Sometimes affirmation of good news takes a little while to arrive — such as when the U.S. Bureau of Labor Statistics (BLS) releases its final data on pet food and pet care spending. That finally happened for 2022 recently, and the release shows U.S. households spent US$4.29 billion more, up 12.5%, on pet food (including treats) compared to 2021. Pet care spending overall increased by US$2.73 billion (2.7%) to reach US$102.71 billion.
Pet food spending’s US$38.69 billion was by far the largest subcategory, outranking veterinary services, pets and supplies, and pet services. It’s important to note that spending differs from retail sales; the BLS data, helpfully compiled and analyzed by John Gibbons, aka the Pet Business Professor, is based on surveys of U.S. consumer units (CUs, essentially households).

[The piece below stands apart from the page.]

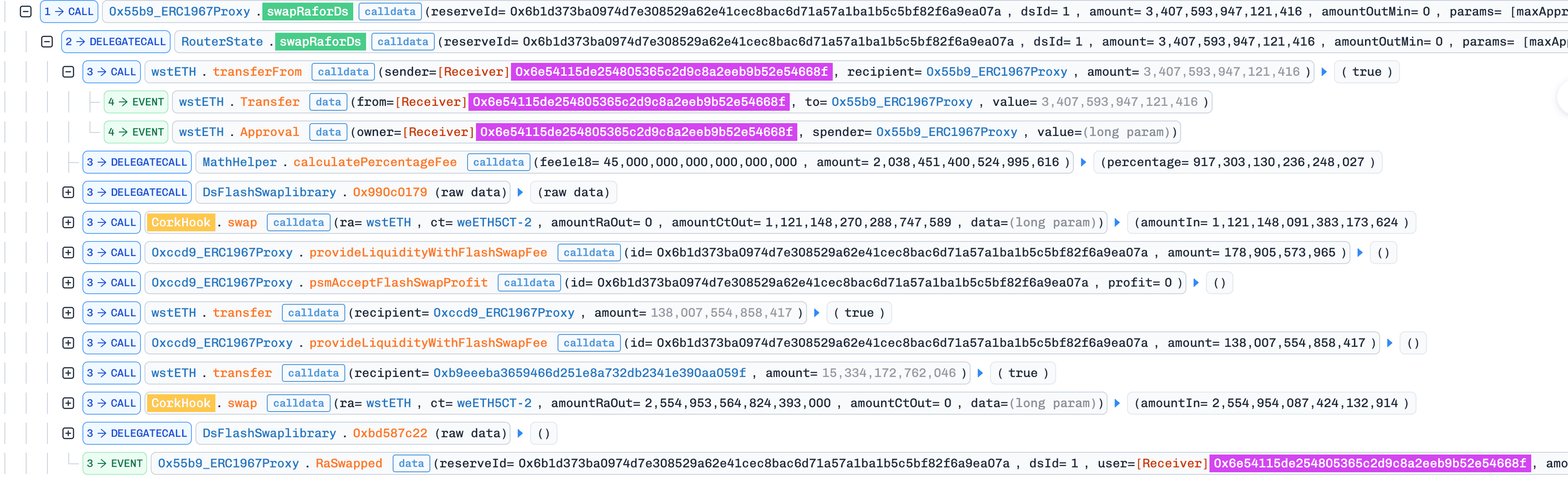 In this transaction, the attacker called SwapRaForDs() shortly before market expiration. Because was near zero, this swap generated a disproportionately large risk premium (Section 0x1.3), inflating accumulatedHIYA.

So which CUs drove the higher pet food spending in 2022?
Spending on pet food by income level
Not surprisingly, higher-income CUs had among the largest pet food spending increases in 2022, especially ones earning between US$100,00 and US$150,000 a year. Their spending rose 23%, reaching US$6.71 billion. CUs earning even more than US$150,000 annually spent 8.3% more, reaching US$10.89 billion. That higher total occurred because their number increased in 2022, hitting 17.7% of all CUs, and they each spent more on pet food than all other income groups.
The only income group to spend less on pet food in 2022 was CUs earning $70,000 to US$100,000 a year, whose spending dropped by 6.5%. The lowest-income CUs had lower spending increases on pet food, which also stands to reason. Those earning less than US$30,000 a year spent 1.7% more. “Obviously, this group is very price sensitive,” Gibbons pointed out, and inflation played a role for them and others.

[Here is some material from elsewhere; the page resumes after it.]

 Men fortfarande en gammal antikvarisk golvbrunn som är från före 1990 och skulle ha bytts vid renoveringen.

Yet CUs earning just the next level up, US$30,000 to US$70,000 annually, had the highest spending increase, 31.4%, despite dropping modestly in number. They still make up 28.9% of CUs, and their pet food spending per CU grew 4.6%, reaching US$10.54 billion. The group is “very committed to their pets and quality food. They spent 1.09% of total expenditures on their pets and 0.5% on pet food,” Gibbons explained.
Other demographic differences
In terms of age group, changes in CU pet food spending mainly followed a pattern you might expect. By percentage of increase, it was 35-44-year-olds (27.6%), 55 to 64-year-olds at almost the same level (27.5%), 45 to 54-year-olds (19.6%) and 65 to 74-year-olds (8.4%). Younger and older age groups spent less, unsurprisingly: CUs with people older than 75 years spent 40.8% less, and ones 25 to 34-year-olds were down 2.2%.
The big surprise in terms of age groups was with CUs younger than 25, who spent 108.6% more on pet food in 2022, though their spending total of US$1.37 was the lowest. “Many moved in with other adults or got married. They also added a lot of pets,” Gibbons said.
Other predictable increases and decreases included White/non-Hispanics, homeowners, managers and professionals, and dual-income CUs spending more on pet food, while retired and no-income CUs spent less. Notable surprises included high school graduates (or with less education) spending more and CUs with advanced college degrees, two people or married couples with no children spending less.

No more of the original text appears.